Merge csvs with column headers


 
Thread Tools Search this Thread
Top Forums Shell Programming and Scripting Merge csvs with column headers
# 1  
Old 03-04-2015
Merge csvs with column headers

hello gurus,

Somebody must have done this before, I couldn't find anything. Please redirect me if this was solved before, and if not please help.


To the problem now, I have multiple csv files (about 1000) which I need to concatenate by column header. The final file should have a superset of all columns of the csvs, and corresponding missing values should be blank.

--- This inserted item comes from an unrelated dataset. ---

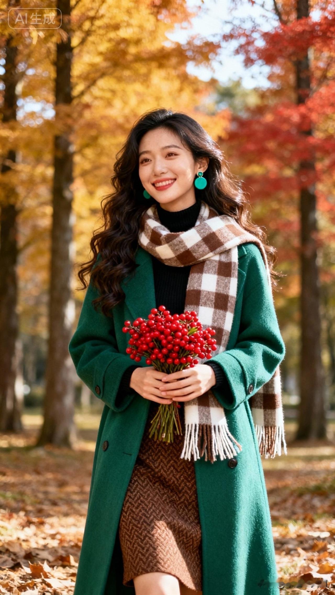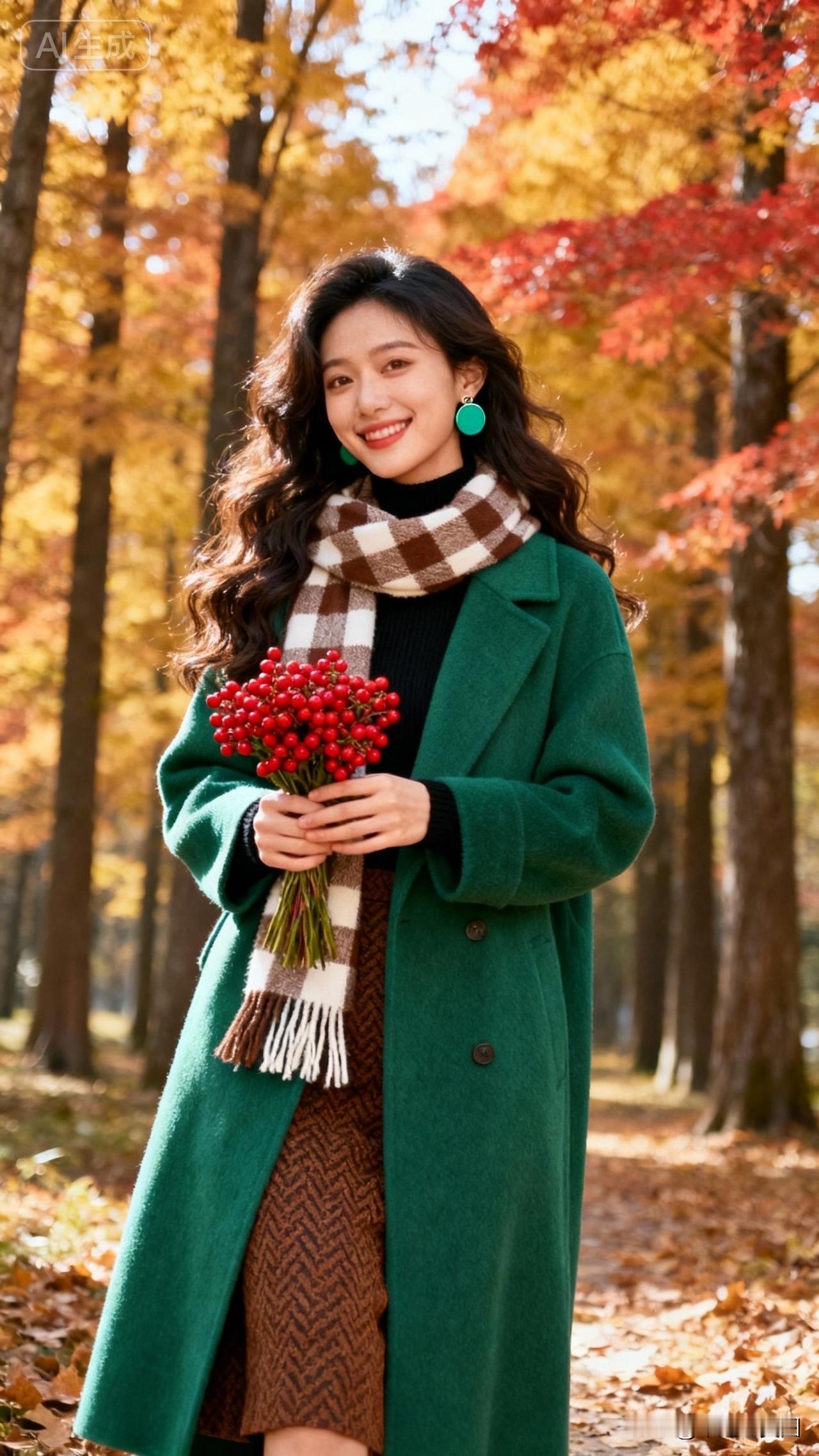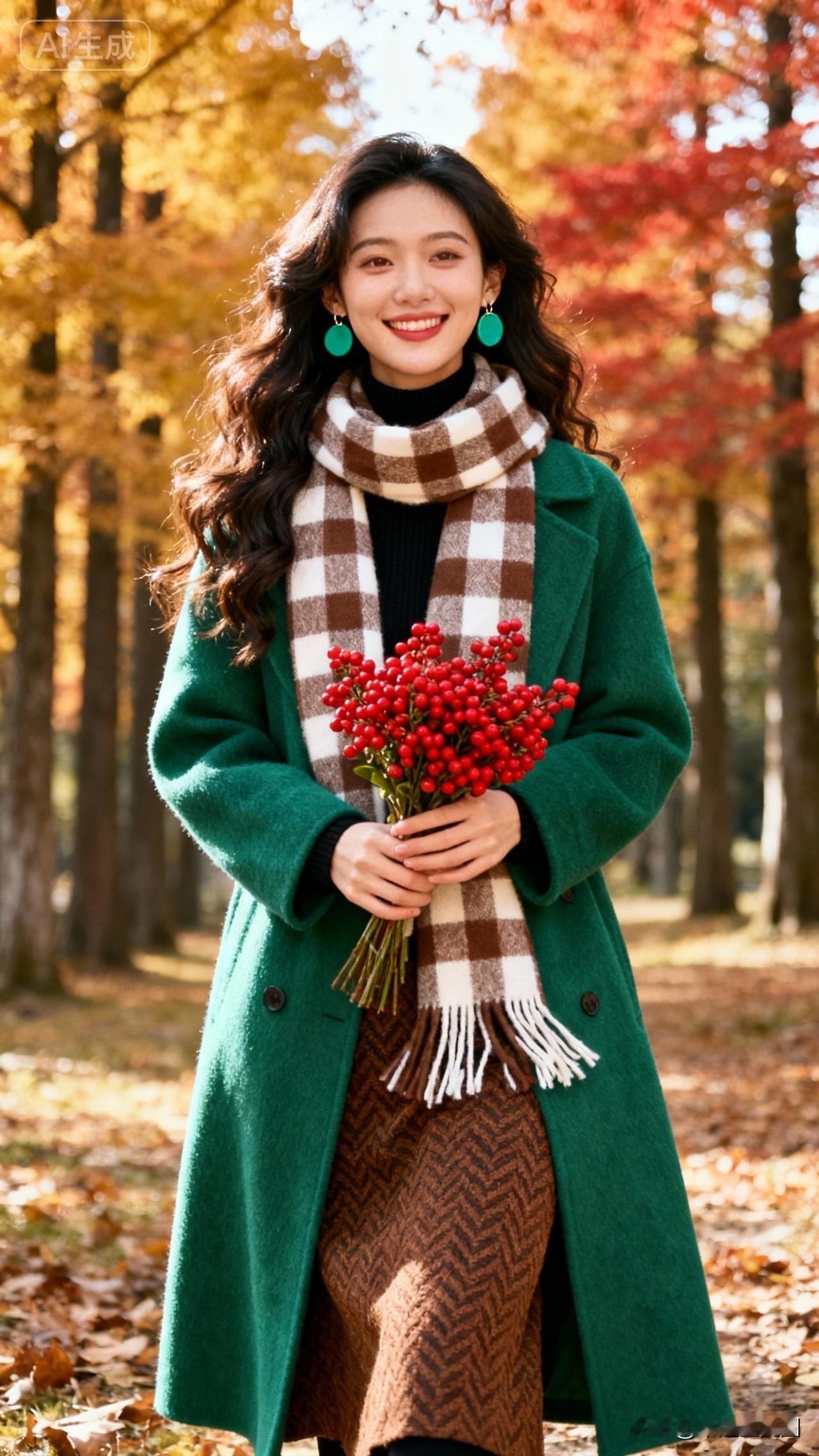 秋日森林里的温暖时光,绿衣少女与红果相伴。

All files are the same directory. Note the randomness and spaces in filenames.

File 2012 IBM 1
Code:
A,B,C
d1,d2,d3
d4,d5,d6


DELL2013 FILE_2
Code:
A,C,D
d12,d22,d32
d42,d52,d62


HP File 3
Code:
B,C,D,E
d22,d122,d132,
d32,d152,d262,142

My output should look like

Code:
A,B,C,D,E
d1,d2,d3,,
d4,d5,d6,,
d12,,d22,d32,
d42,,d52,d62,
,d22,d122,d132,
,d32,d152,d262,142


I can do this for files with common columns in the same order, but this cant incorporate new columns in the superfile

Code:
awk 'FNR==1 && NR!=1{next;}{print}' *.csv


Last edited by abh.kumar; 03-04-2015 at 12:45 PM..
# 2  
Old 03-05-2015
You need to process the 1st lines of the files 1st to get a list of the headings and then process the entire files a 2nd time to print the fields in the correct order in a file with all of the headings. Some implementations of the awk utility have a nextfile command that skips the rest of the file; others don't (and, therefore, need to read each line of each file both times the file is read). With your sample files, the difference won't be noticed; but with large files, implementations with nextfile will run faster.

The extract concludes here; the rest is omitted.